Franz Locher (SVP) betonte, dass bereits viel getan werde, um Lebensmittelverschwendung zu vermeiden. Eine gezielte Preisgestaltung für den Biomüll halte er für undurchführbar. Die Kunden wollten perfekte Lebensmittel. Es wäre verboten, verfallene Lebensmittel z.B. dem Altersheim weiterzugeben. In den letzten zehn Jahren sei sehr viel geschehen, um Verschwendung zu vermeiden. Früher seien Lebensmittel tonnenweise mit den Baggern vernichtet worden. Der Antrag sei zur Auffrischung gut, aber vieles sei nicht umsetzbar.
Peter Faistnauer (Perspektiven Für Südtirol) fragte Ladurner, was sie unter Lebensmittelverschwendung in der Landwirtschaft verstehe.
Andreas Leiter Reber (Freiheitliche) nahm Ladurners Klage zur Zusammenarbeit zur Kenntnis, aber heute erlebe man eine Show in drei Akten. Der ursprüngliche Antrag sei wirkungslos, er fordere die Landesregierung auf, weiterzumachen. Die zweite Fassung verlange Dinge, die nicht durchführbar seien.

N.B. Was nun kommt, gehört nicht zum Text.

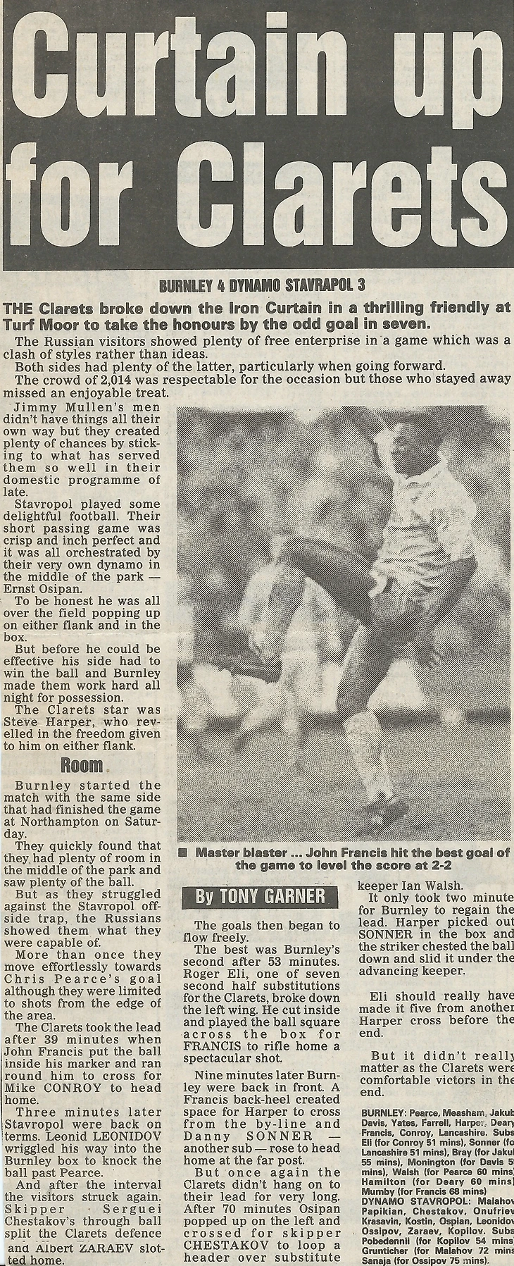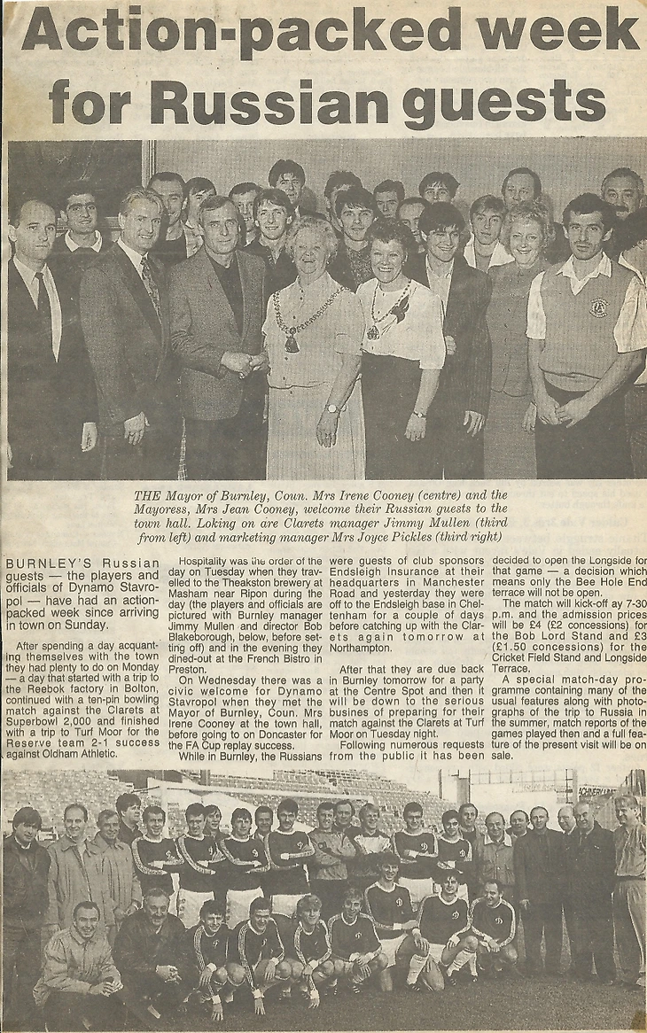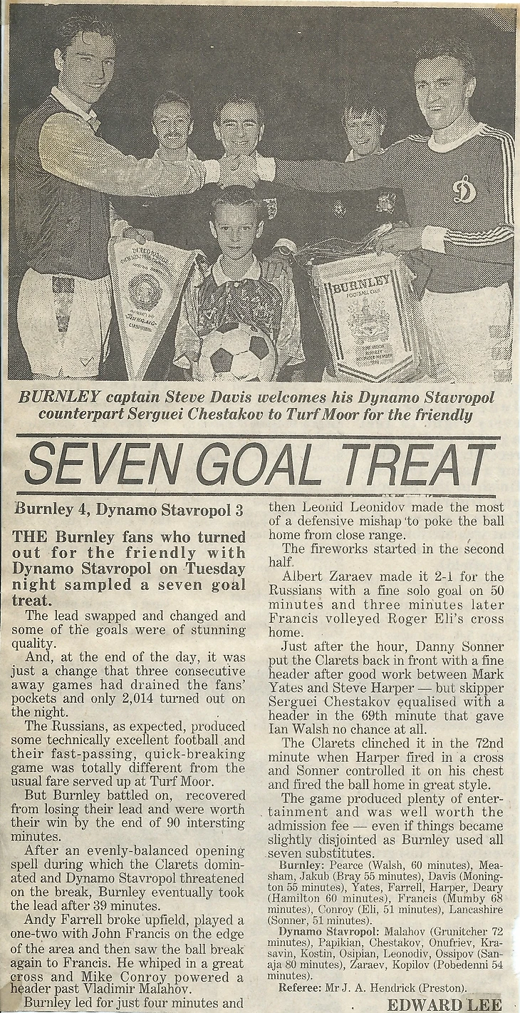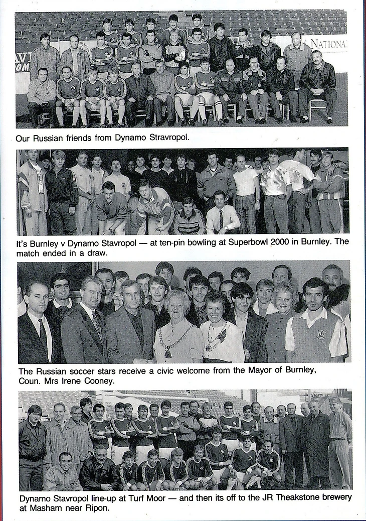 «Футбольный клуб «Бернли» подтвердил, что 26 ноября проведет товарищеский матч на «Терф Мур» против ставропольского «Динамо». Мы играли с ними в Советском Союзе в предсезонной подготовке, и тренер Джимми Маллен сказал, анонсируя игру: «Прошлые игры против русских научили наших игроков многому в континентальном стиле футбола. Эта игра предоставит нам еще один шанс учиться у первоклассной команды, и мы с нетерпением ждем встречи» [33].

Man sei heute also nur hier, um ein Thema aufzuzeigen.
Gerhard Lanz (SVP) erklärte sich zur Zusammenarbeit mit der Opposition bereit, diese habe aber nie das Gespräch gesucht, um eventuell Mehrheiten für ihre Initiativen zu finden. Beim Biomüll sollte es vor allem eine Änderung im Verhalten geben. Die Mensen müssten verfallene Lebensmittel laut Gesetz entsorgen. Das Thema sei jedenfalls wichtig. Seine Fraktion sei immer gesprächsbereit und auch offen für gemeinsame Anträge.
LR Giuliano Vettorato sprach sich für den Antrag aus. Einiges davon sei bereits angegangen worden. Punkt 4 müsse man prüfen, denn jede Gemeinde habe ihre eigene Regelung.
LR Waltraud Deeg verwies auf eine jüngst erschienene Broschüre, die aufzeige, was getan und erreicht wurde. Darin werde auch eine Verringerung der Lebensmittelverschwendung um zwölf Prozent festgestellt. Man werde die Punkte des Antrags prüfen und sehen, was umsetzbar sei. Das Gesetz von Stocker sehe einen Koordinierungstisch vor, in dem Landesabteilungen, Wirtschafts- und Sozialverbände vertreten seien. Man werde auch gerne die Verbraucherzentrale aufnehmen. Es gehe dabei auch um Medikamente, einen besonders komplexen Bereich – ein entsprechender Fachbeirat werde vom Präsidenten der Apothekerkammer geleitet.
Jasmin Ladurner bedankte sich für das breite Interesse zum Thema. Die Weitergabe der Lebensmittel könne auch in der Peripherie funktionieren, durch Abkommen mit karitativen Organisationen. Das Landesgesetz sehe vor, dass die Weitergabe auch über das Mindesthaltbarkeitsdatum hinaus möglich sei, außer bei sehr verderblichen Lebensmitteln wie etwa Fleisch. Es sei bereits viel unternommen worden, aber es gebe – angesichts der eingangs genannten Zahlen – noch viel Luft nach oben. Ihr gehe es um das Thema und es sei wichtig, dass es parteiübergreifend geteilt werde.
Der Antrag wurde in Teilabstimmungen zu den einzelnen Punkten mehrheitlich angenommen, mit 18 (Punkt 4) bis 29 (Punkt 1) Jastimmen.
Damit war die Tagesordnung erschöpft, und Präsidentin Rita Mattei schloss die Sitzung um 11.45 Uhr.